Osho on Being Oneself

Question – Beloved Master, How can I be myself?
Osho – That should be the easiest thing in the world, but it is not. To be oneself one need not do anything; one already is. How can you be otherwise? How can you be anybody else? But I can understand the problem. The problem arises because the society corrupts everybody. The society up to now has been a great corruption. It corrupts the mind, the being. It enforces things on you and you lose contact with yourself. It tries to make something else out of you than that which you were meant to be. It puts you off your center. It drags you away from yourself. It teaches you to be like a Christ or to be like a Buddha or to be like this and that; it never says to you to be yourself. It never allows you freedom to be. It enforces foreign outside images on your mind.

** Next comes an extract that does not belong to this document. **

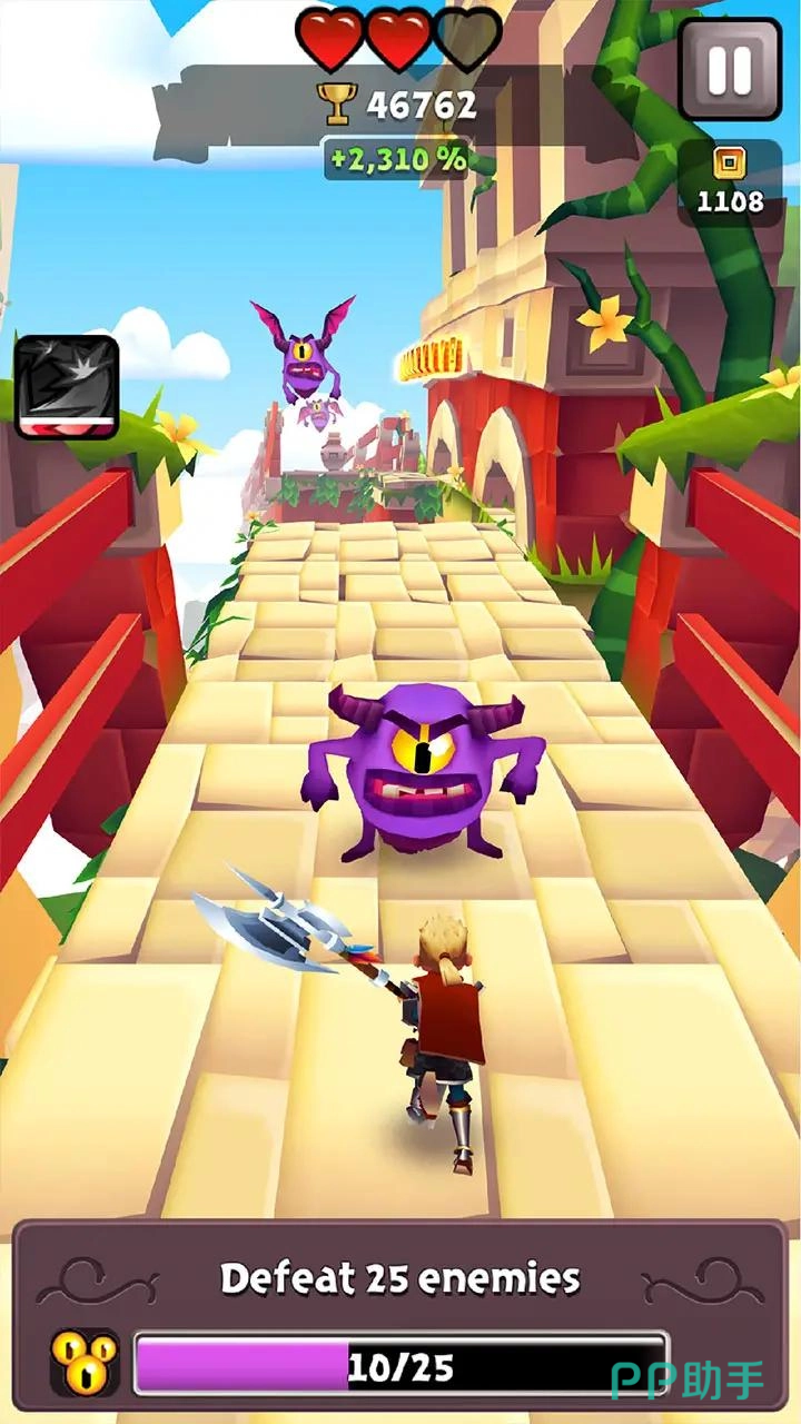 塑造原创萌系英雄布瑞姆,融合跑酷闯关、轻度战斗及角色成长体系。通过精准滑动完成跳跃、滑行、翻滚等核心动作,规避动态障碍与巡逻敌人;升级系统支持技能强化与外观定制,助力玩家在高速推进中稳定输出高分表现。

Then the problem arises. You can pretend at the most, and when you pretend you are never satisfied. You always want to be yourself — that is natural — and the society does not allow it. It wants you to be somebody else. It wants you to be phoney. It does not want you to be real, because real people are dangerous people, real people are rebellious people. Real people cannot be controlled so easily, real people cannot be regimented. Real people will live their reality in their own way — they will do their thing; they won’t bother about other things. You cannot sacrifice them. In the name of religion, in the name of the state, nation, race, you cannot sacrifice them. It is impossible to seduce them for any sacrifice. Real people are always for their own happiness. Their happiness is ultimate: they are not ready to sacrifice it for anything else. That’s the problem.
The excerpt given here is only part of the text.